Information provided —
----

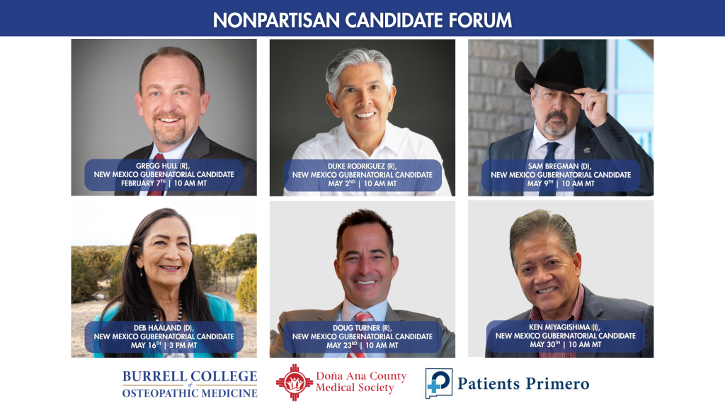 LAS CRUCES, N.M. — The Doña Ana County Medical Society, the Burrell College of Osteopathic Medicine Student Family Medicine Interest Group, and Patients Primero will host a series of nonpartisan public forums featuring candidates for Governor of New Mexico at Burrell College of Osteopathic Medicine, 3501 Arrowhead Drive, Las Cruces, New Mexico.
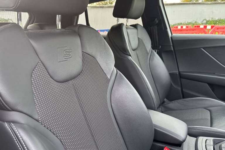 Black appearance package (4ZD), Blade in Brilliant Black (6H1), Exterior mirror housings in Black (6FJ), Privacy glass (dark-tinted windows) (VW1), Extended Black Styling package (PAI), Ambient Lighting package (QQ1), Audi connect remote & control (for MMI navigation plus) (EL5), Audi drive select (2H6), Audi pre sense front (6K2), Audi smartphone interface (UI2), Audi virtual cockpit (9S8), Bluetooth interface (9ZX), Hold assist (UH2), ISOFIX and top tether for outer rear seats (3B4), Rear parking aid (7X1), Separate daytime running light (8K4), Sports seats in front (Q4H), Sports suspension system (1JC), Start/stop system with regenerative braking (7L6)
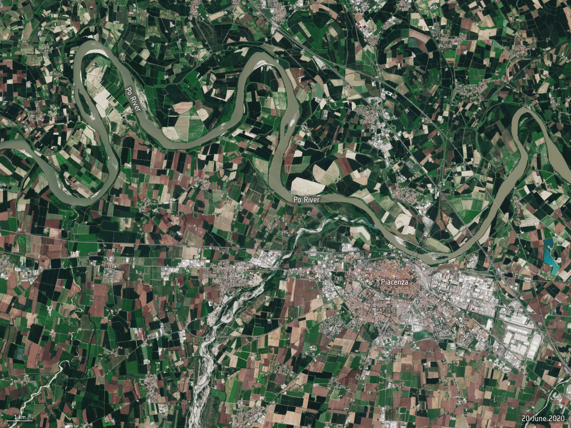 Normalmente, il fiume Po è un’ampia fascia di acque torbide (come si vede nell’immagine di giugno 2020), che tuttavia si è ora prosciugata rivelando grandi distese di sabbia (come nell’immagine di giugno 2022).

----

Directions —
The material above should be returned exactly, without pictures.

Result —
 LAS CRUCES, N.M. — The Doña Ana County Medical Society, the Burrell College of Osteopathic Medicine Student Family Medicine Interest Group, and Patients Primero will host a series of nonpartisan public forums featuring candidates for Governor of New Mexico at Burrell College of Osteopathic Medicine, 3501 Arrowhead Drive, Las Cruces, New Mexico.
 Black appearance package (4ZD), Blade in Brilliant Black (6H1), Exterior mirror housings in Black (6FJ), Privacy glass (dark-tinted windows) (VW1), Extended Black Styling package (PAI), Ambient Lighting package (QQ1), Audi connect remote & control (for MMI navigation plus) (EL5), Audi drive select (2H6), Audi pre sense front (6K2), Audi smartphone interface (UI2), Audi virtual cockpit (9S8), Bluetooth interface (9ZX), Hold assist (UH2), ISOFIX and top tether for outer rear seats (3B4), Rear parking aid (7X1), Separate daytime running light (8K4), Sports seats in front (Q4H), Sports suspension system (1JC), Start/stop system with regenerative braking (7L6)
 Normalmente, il fiume Po è un’ampia fascia di acque torbide (come si vede nell’immagine di giugno 2020), che tuttavia si è ora prosciugata rivelando grandi distese di sabbia (come nell’immagine di giugno 2022).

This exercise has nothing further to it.